WORK INSTRUCTIONS: Only the lines below from the one containing "Al centro, una" through the one containing "Écharpe élégante aux" belong in the answer, repeated exactly and without pictures.

ENTRIES SHOWN:
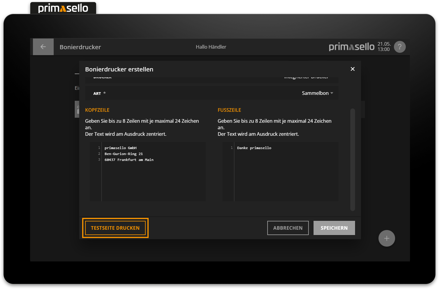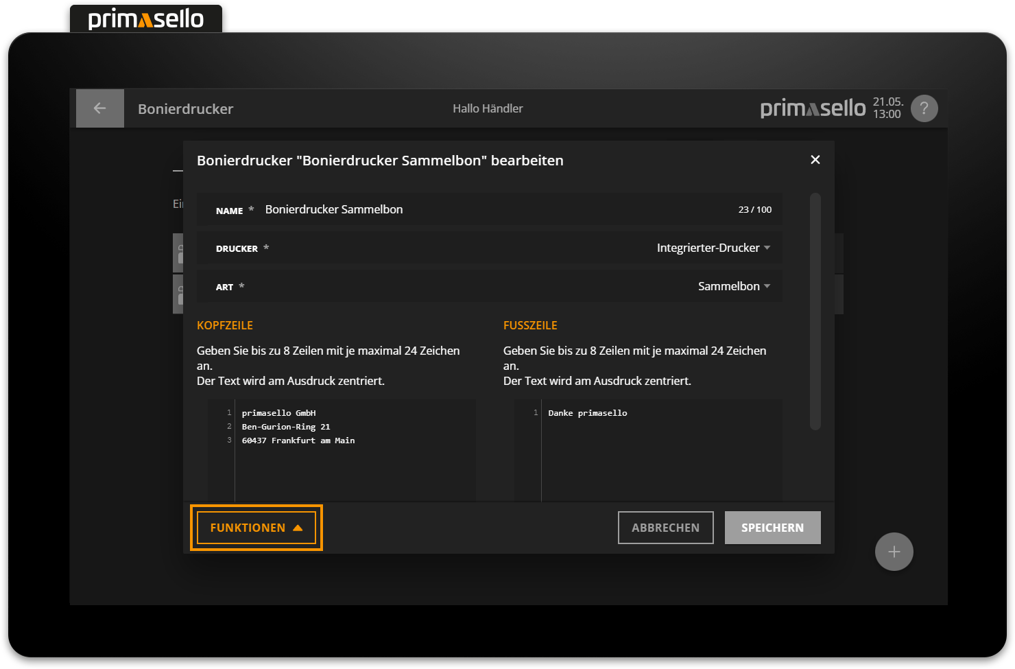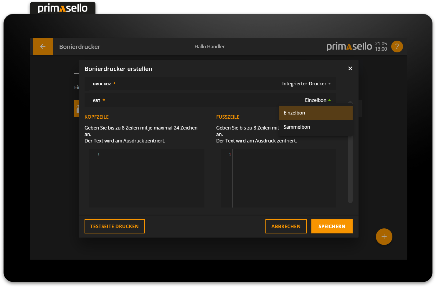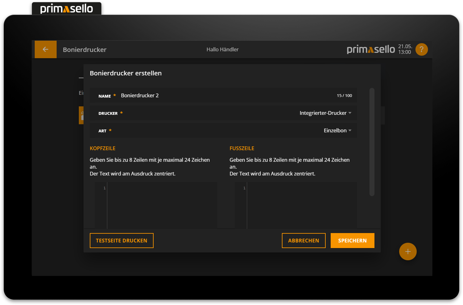 Durch Drücken der orangen "Speichern"-Taste im rechten unteren Eck, werden die Änderungen am Bonierdrucker übernommen und das Fenster geschlossen. Das Bearbeiten eines Bonierdruckers kann durch Drücken der "Abbrechen"-Taste oder durch Drücken der "x"-Taste im rechten oberen Eck beendet werden - alle Änderungen gehen dabei verloren.
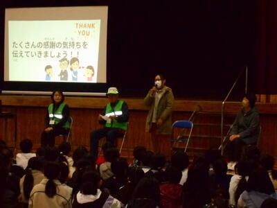 参加してくださった皆さんからは、「自分たちも子どもたちから元気をもらえる。」「学校に呼ばれるのが楽しみ。」「登校の見守りは自分の日課になっている。今後もずっと続けたい。」とお話をいただきました。
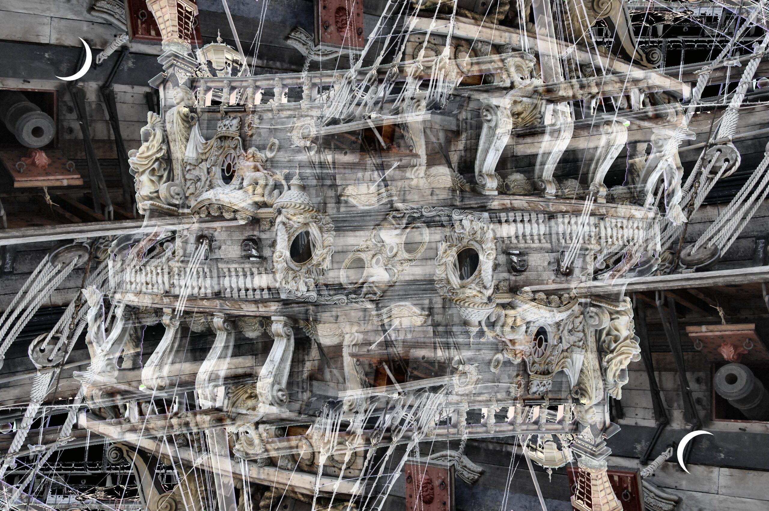 Al centro, una figura umana emerge con forza, quasi come un’ ombra luminosa, delineata da contorni sottili e da una miriade di dettagli intricati. Questa figura, in bilico tra la materialità e l’evanescenza, sembra rappresentare l’ essenza stessa dell’umanità, eternamente sospesa tra il tangibile e l’ intangibile.
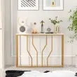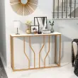 Ta konzolna mizica je idealna izbira, ne glede na to, ali potrebujete prostor za shranjevanje ali razstavni prostor. Struktura iz belega umetnega marmorja in geometrijski kovinski okvir zlate barve izžarevata visoko kakovost in eleganco. Široka mizna plošča zagotavlja dovolj prostora za shranjevanje in razstavljanje vsakdanjih predmetov in okrasnih predmetov. Kombinacija trpežne plošče in trdnih kovinskih cevi zagotavlja boljšo vzdržljivost, daljšo življenjsko dobo in večjo stabilnost. Poleg tega lahko z napravo proti prevračanju varno pritrdite vhodno mizo in preprečite, da bi se prevrnila. Na splošno je ta elegantna konzolna mizica odličen dodatek za dnevne sobe, vhodne prostore itd.
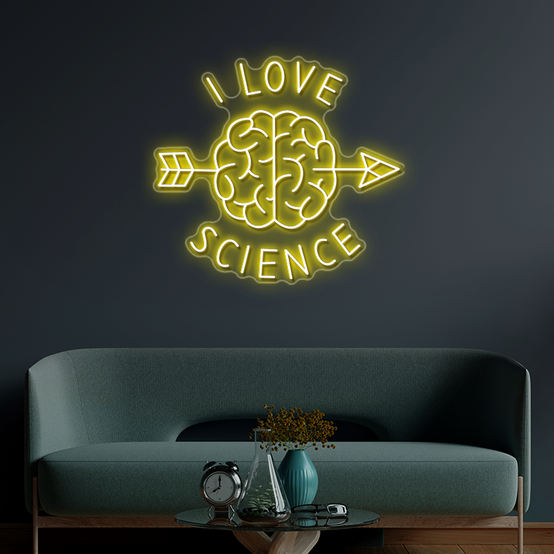 HDJSign - I Love Science Brain and Arrow Neon Sign
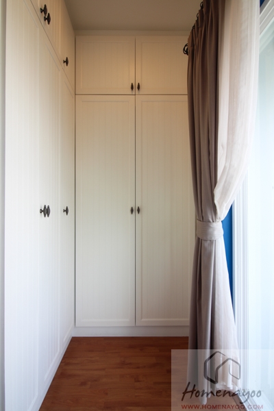 ตู้เสื้อผ้าที่วางได้มีขนาดใหญ่พอสมควรเลยค่ะ จัดเก็บเสื้อผ้าได้อย่างเพียงพอแน่นอน ที่ฝั่งขวาของตู้จะสามารถวางโต๊ะเครื่องแป้งตัวเล็กๆได้อีกตัวนึง
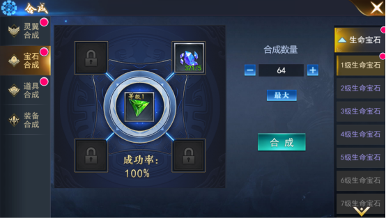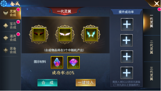 合成同样是游戏中较为重要的一个玩法,在合成系统中分为了四类,分别是灵翼的合成,宝石的合成,道具的合成以及装备合成。
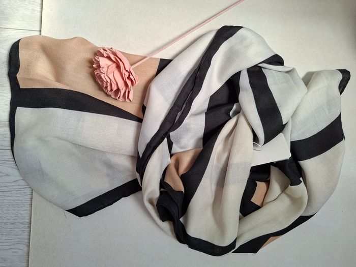 Écharpe élégante aux motifs graphiques noir, beige et écru. Polyvalente : peut se porter autour du cou ou façon châle sur les épaules. Tissu doux et léger, idéal pour la mi-saison ou donner une touche sophistiquée à une tenue. État : Comme neuf ✨ Taille : Unique Couleurs : Noir / Beige / Écru Style : Chic, moderne, intemporel 📦 Envoi rapide et soigné.
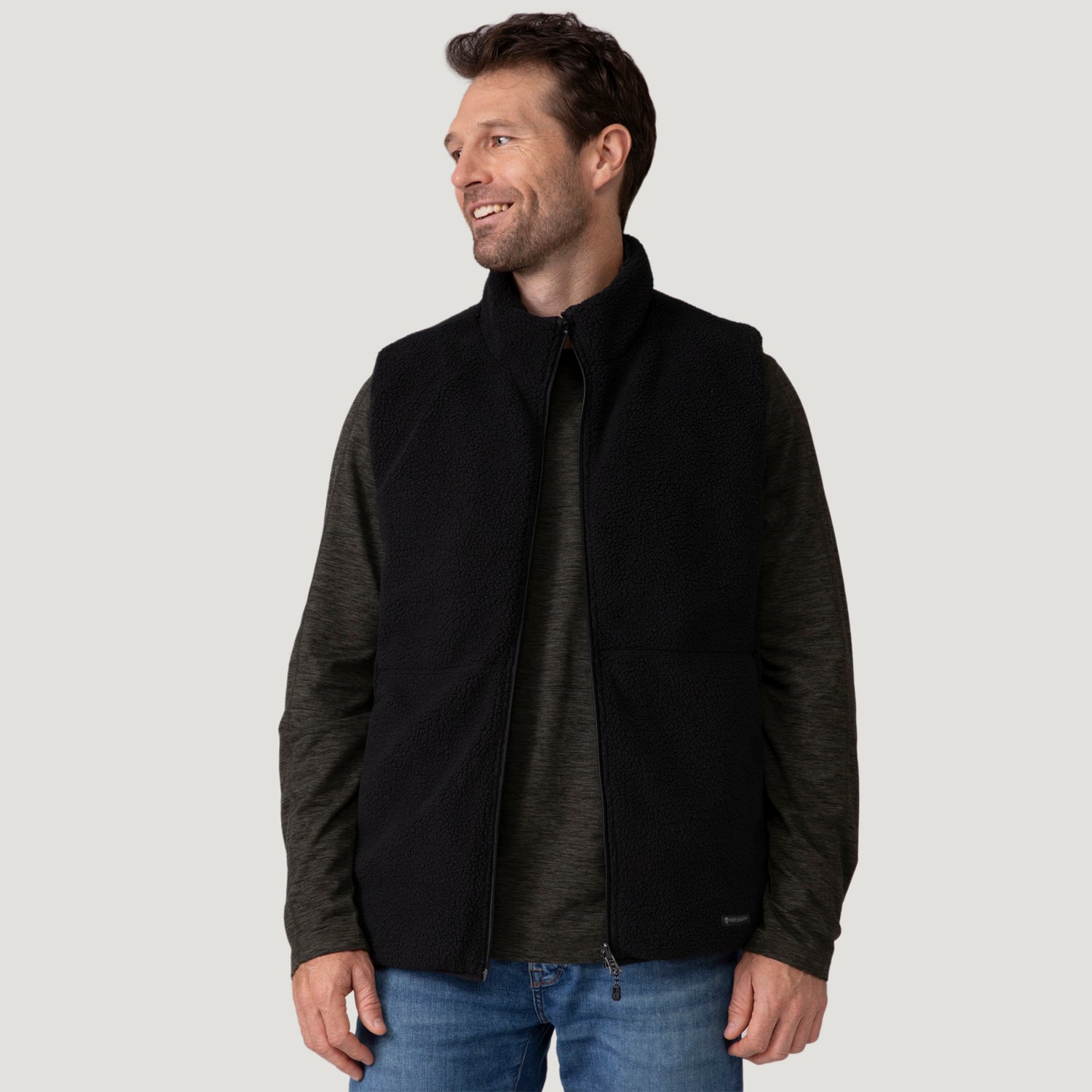 ![[Vince is 6'1" wearing a size Medium.] Man wearing the Free Country Men's Pine Creek Quilted Reversible Vest in black, featuring a quilted outer layer, cozy curly fleece reverse, and REPREVE® synthetic fill, styled with a black long-sleeve shirt and dark jeans.](http://freecountry.com/cdn/shop/files/222-MOF4626BLACK_BLACK_2406_FW24-025.jpg?v=1754407722&width=860)
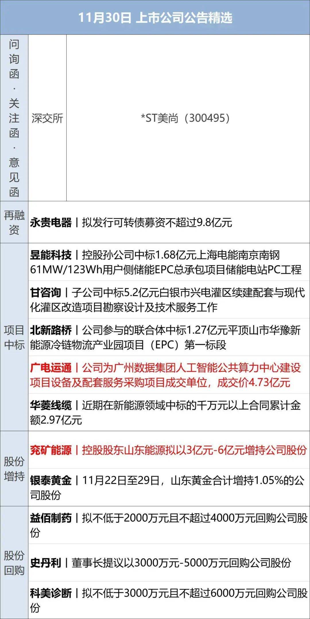 *ST天山(SZ300313,股价12.52元,市值39.18亿元):11月29日公告,近日,公司通过电话、微信等方式,均无法与公司董事长马长水取得联系,经与马长水家人沟通,截至目前,公司尚不确定无法与马长水取得联系的具体原因。
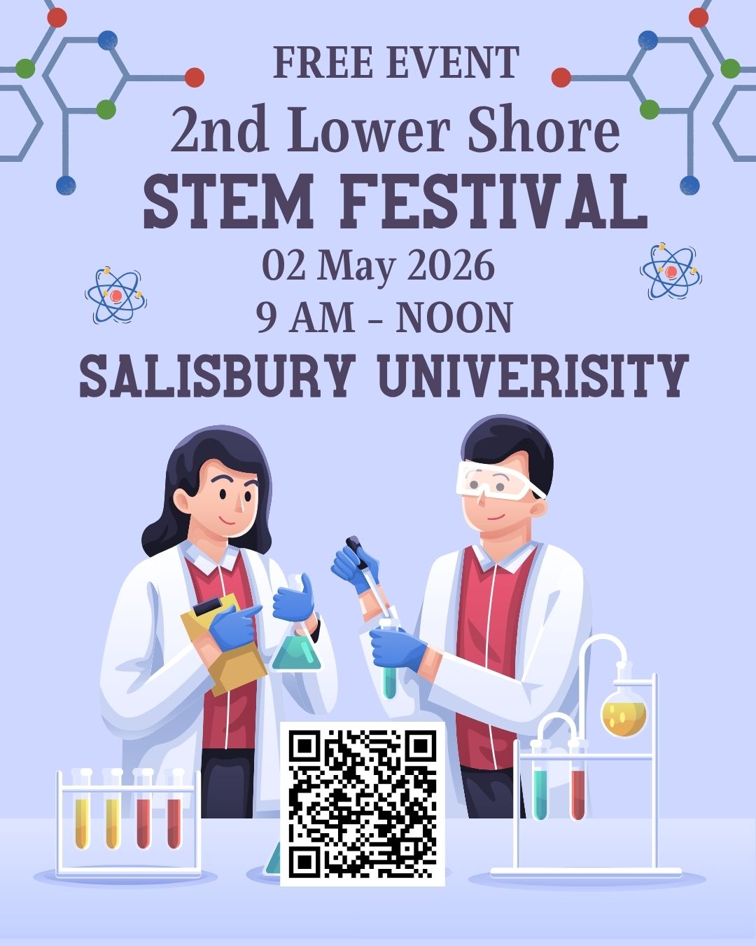 The 1st Lower Shore STEM Festival was a major success. The 2nd is being held on May 2, from 9am to 12pm. Join for a morning of discovery and innovation at the 1st Lower Shore STEM Festiva at Salisbury University. This free event is open to all ages. It offers a unique opportunity to explore the wonders of Science, Technology, Engineering, and Mathematics (STEM) through a variety of hands-on activities and engaging exhibits.
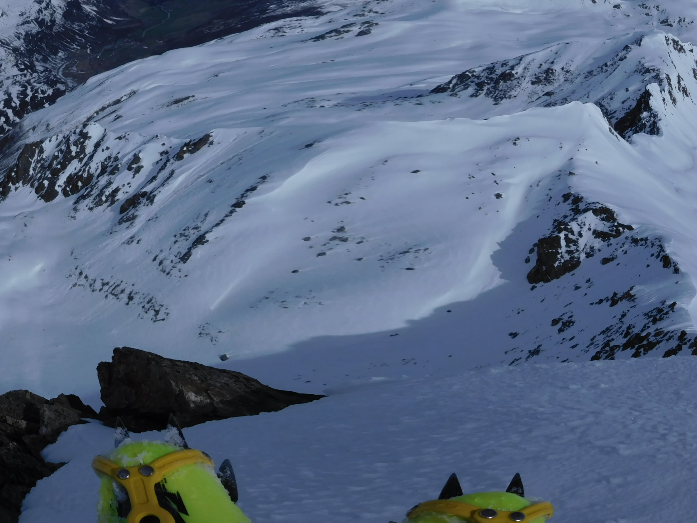 Abfahrt über Jörigletscher zum See noch tragende Schneedecke, der Gegenaufstieg zur Wäschchuchi, einer Einsattelung vom Punkt 2771 m, da war der Schnee schon recht weich, nach kurzer Rast erfolgte die Abfahrt am 10.15 Uhr bei besten Frühlingsschnee zur Flüelastrasse.

THE COMPLETED TASK:
 Al centro, una figura umana emerge con forza, quasi come un’ ombra luminosa, delineata da contorni sottili e da una miriade di dettagli intricati. Questa figura, in bilico tra la materialità e l’evanescenza, sembra rappresentare l’ essenza stessa dell’umanità, eternamente sospesa tra il tangibile e l’ intangibile.
 Ta konzolna mizica je idealna izbira, ne glede na to, ali potrebujete prostor za shranjevanje ali razstavni prostor. Struktura iz belega umetnega marmorja in geometrijski kovinski okvir zlate barve izžarevata visoko kakovost in eleganco. Široka mizna plošča zagotavlja dovolj prostora za shranjevanje in razstavljanje vsakdanjih predmetov in okrasnih predmetov. Kombinacija trpežne plošče in trdnih kovinskih cevi zagotavlja boljšo vzdržljivost, daljšo življenjsko dobo in večjo stabilnost. Poleg tega lahko z napravo proti prevračanju varno pritrdite vhodno mizo in preprečite, da bi se prevrnila. Na splošno je ta elegantna konzolna mizica odličen dodatek za dnevne sobe, vhodne prostore itd.
 HDJSign - I Love Science Brain and Arrow Neon Sign
 ตู้เสื้อผ้าที่วางได้มีขนาดใหญ่พอสมควรเลยค่ะ จัดเก็บเสื้อผ้าได้อย่างเพียงพอแน่นอน ที่ฝั่งขวาของตู้จะสามารถวางโต๊ะเครื่องแป้งตัวเล็กๆได้อีกตัวนึง
 合成同样是游戏中较为重要的一个玩法,在合成系统中分为了四类,分别是灵翼的合成,宝石的合成,道具的合成以及装备合成。
 Écharpe élégante aux motifs graphiques noir, beige et écru. Polyvalente : peut se porter autour du cou ou façon châle sur les épaules. Tissu doux et léger, idéal pour la mi-saison ou donner une touche sophistiquée à une tenue. État : Comme neuf ✨ Taille : Unique Couleurs : Noir / Beige / Écru Style : Chic, moderne, intemporel 📦 Envoi rapide et soigné.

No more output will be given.